Implementing a Long Job Queue in MySQL + PHP

A

Aleksey Kuzmin2011-10-05 13:01:47

Message Queues

Aleksey Kuzmin, 2011-10-05 13:01:47

There is a certain queue of tasks (> 1M). It is supposed to store the job queue in a MySQL table.

New tasks are marked with the NEW flag.
Each task from the queue is executed by a certain script handler for about 3 minutes.
After execution, the task is marked in the queue with the READY flag.
In case of an error or abnormal termination of the script, the task must be repeated.

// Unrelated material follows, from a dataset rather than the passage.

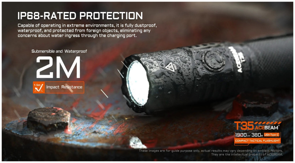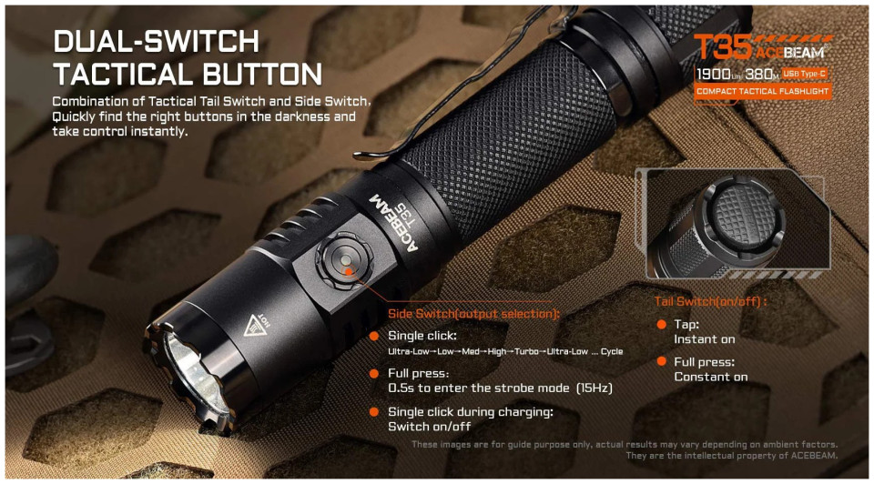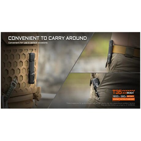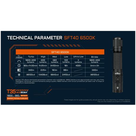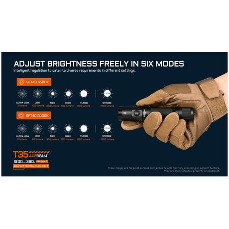 Χρησιμοποιήστε σε κάθε ανάγκη φωτισμού αυτό το κλασικό μοντέλο επιχειρησιακού φακού και κάντε εντύπωση. Ο συμπαγής tactical φακός T35 επιτρέπει την εύκολη εκτέλεση εργασιών σε περιβάλλον χαμηλού φωτισμού. Εξοπλισμένος με το LED SFT40, χρησιμοποιεί μια μπαταρία 18650 για μέγιστη απόδοση 1900 lumens. Όταν έχετε μαζί σας αυτόν τον υπέροχο φακό, αισθάνεστε πιο ασφαλείς και μπορείτε να περπατήσετε στα περισσότερα σκοτεινά μέρη με άνεση, καθώς εκτός από τον επαρκή φωτισμό που παρέχει, αυτός ο φακός είναι σχεδιασμένος για αυτοάμυνα αφού διαθέτει οδοντωτή στεφάνη για επίθεση. Διαθέτει ένδειξη μπαταρίας, πέντε επίπεδα φωτεινότητας και λειτουργία στροβοσκοπίου, έτσι ώστε να μπορεί να καλύψει διαφορετικές απαιτήσεις σε διαφορετικές συνθήκες.

You need to run several scripts in parallel.

Question1: How to show other script instances (which run in parallel) that the task is in progress, so that in case of an abnormal completion, the record in the database is rolled back to its original state, i.e. NEW?

I have this solution
a) run the handler script -> mark the task as PROCESSING + write the time
then
-> if everything is fine, then the task becomes READY
-> if there is an accident, then the task remains PROCESSING

b) Create another script that checks tasks for PROCESSING status for more than 10 minutes and resets it to NEW.

So the hung tasks will be launched again + you can fix the number of attempts.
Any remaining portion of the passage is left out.